- Work required
Restate all data exactly. No images.

- Source material
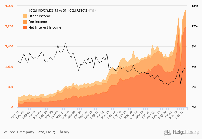 Bank's total revenues accounted for 5.82% total assets in the second quarter of 2023, up from 5.66% a year earlier.
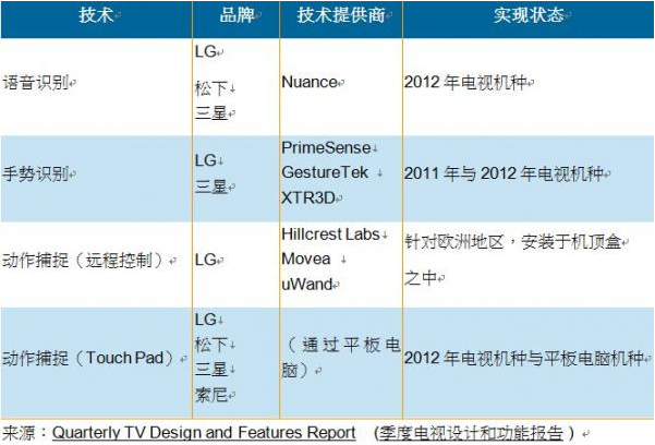 在2012年消費(fèi)性電子展(CES)上,語音識別和手勢識別的原型機(jī)首次展出;但事實(shí)上手勢識別功能已經(jīng)在市場上存在一段時(shí)間,只是未內(nèi)建在電視機(jī)里,例如Xbox游戲機(jī)的微軟Kinect手勢識別等。
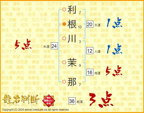 利(7画)根(10画)川(3画) 茉(9画)那(7画)
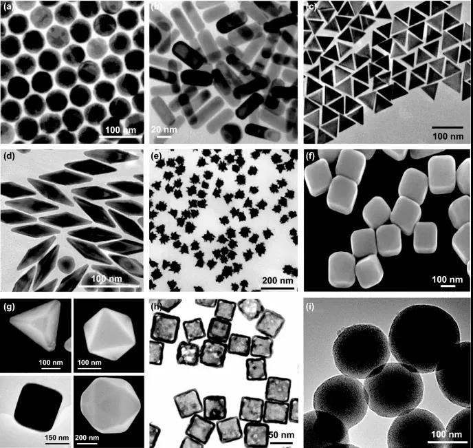 圖1. 采用自下而上的方法合成具有不同形狀的AuNP。(a) 球,(b) 棒,(c) 棱鏡,(d) 雙錐,(e) 星,(f) 立方體,(g) 多邊形納米晶體, (h) 籠,(i) 金@二氧化硅雜化納米顆粒。
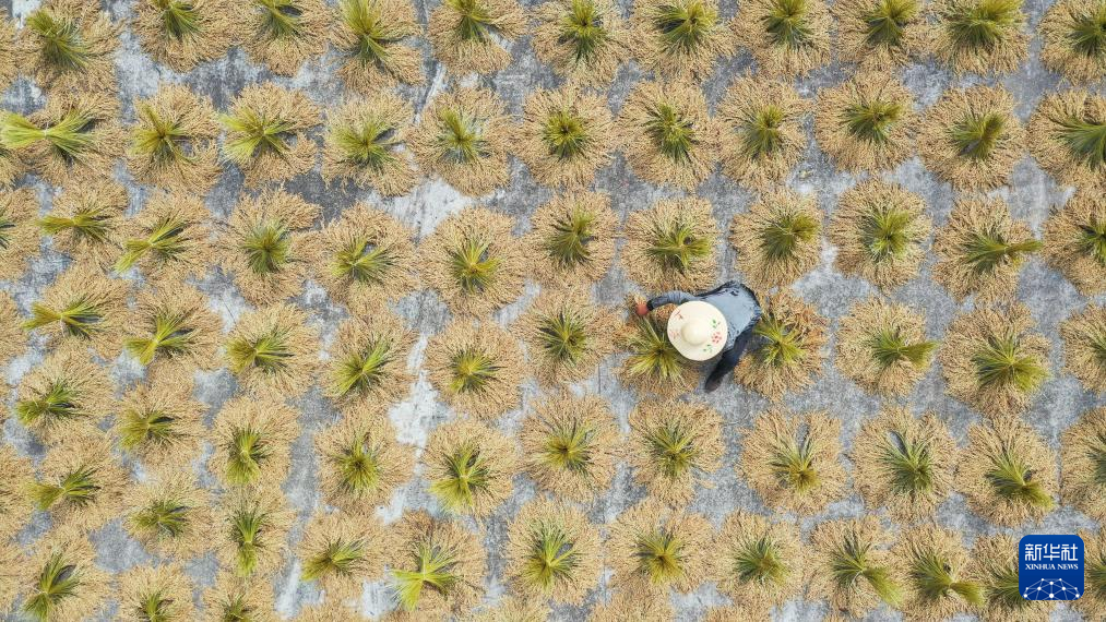 10月12日,村民在贵州省黔东南苗族侗族自治州从江县刚边壮族乡刚边村晾晒糯稻(无人机照片)。
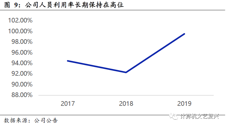 工作量可提前計(jì)劃,人員利用率高。對(duì)于軟件服務(wù)公司而言,一個(gè)非常重要的指標(biāo)就是人員利用率,也就是在這個(gè)行業(yè)內(nèi)的“產(chǎn)能利用率”。當(dāng)一個(gè)新項(xiàng)目落地后是否需要招人,以及項(xiàng)目結(jié)束后釋放出的人手能否快速投入下一個(gè)項(xiàng)目,是衡量一家軟件服務(wù)公司管理能力的關(guān)鍵。若出現(xiàn)產(chǎn)能與需求不匹配的現(xiàn)象,很可能導(dǎo)致企業(yè)短期利潤(rùn)出現(xiàn)大幅波動(dòng)。然而,日本的軟件開發(fā)有著非常嚴(yán)密的頂層設(shè)計(jì)理論,會(huì)將一個(gè)系統(tǒng)的全生命周期任務(wù)規(guī)劃好后再進(jìn)行實(shí)施,一般一個(gè)系統(tǒng)后續(xù)維護(hù)的投入是初次上線投入的4-5倍左右。因此對(duì)于對(duì)日的外包商而言,客戶的需求是可以提前預(yù)測(cè)到的,這大大降低了匹配產(chǎn)能和需求的難度,使得公司的人員利用率長(zhǎng)期保持在95%以上。

- Result of this exercise
 Bank's total revenues accounted for 5.82% total assets in the second quarter of 2023, up from 5.66% a year earlier.
 在2012年消費(fèi)性電子展(CES)上,語音識別和手勢識別的原型機(jī)首次展出;但事實(shí)上手勢識別功能已經(jīng)在市場上存在一段時(shí)間,只是未內(nèi)建在電視機(jī)里,例如Xbox游戲機(jī)的微軟Kinect手勢識別等。
 利(7画)根(10画)川(3画) 茉(9画)那(7画)
 圖1. 采用自下而上的方法合成具有不同形狀的AuNP。(a) 球,(b) 棒,(c) 棱鏡,(d) 雙錐,(e) 星,(f) 立方體,(g) 多邊形納米晶體, (h) 籠,(i) 金@二氧化硅雜化納米顆粒。
 10月12日,村民在贵州省黔东南苗族侗族自治州从江县刚边壮族乡刚边村晾晒糯稻(无人机照片)。
 工作量可提前計(jì)劃,人員利用率高。對(duì)于軟件服務(wù)公司而言,一個(gè)非常重要的指標(biāo)就是人員利用率,也就是在這個(gè)行業(yè)內(nèi)的“產(chǎn)能利用率”。當(dāng)一個(gè)新項(xiàng)目落地后是否需要招人,以及項(xiàng)目結(jié)束后釋放出的人手能否快速投入下一個(gè)項(xiàng)目,是衡量一家軟件服務(wù)公司管理能力的關(guān)鍵。若出現(xiàn)產(chǎn)能與需求不匹配的現(xiàn)象,很可能導(dǎo)致企業(yè)短期利潤(rùn)出現(xiàn)大幅波動(dòng)。然而,日本的軟件開發(fā)有著非常嚴(yán)密的頂層設(shè)計(jì)理論,會(huì)將一個(gè)系統(tǒng)的全生命周期任務(wù)規(guī)劃好后再進(jìn)行實(shí)施,一般一個(gè)系統(tǒng)后續(xù)維護(hù)的投入是初次上線投入的4-5倍左右。因此對(duì)于對(duì)日的外包商而言,客戶的需求是可以提前預(yù)測(cè)到的,這大大降低了匹配產(chǎn)能和需求的難度,使得公司的人員利用率長(zhǎng)期保持在95%以上。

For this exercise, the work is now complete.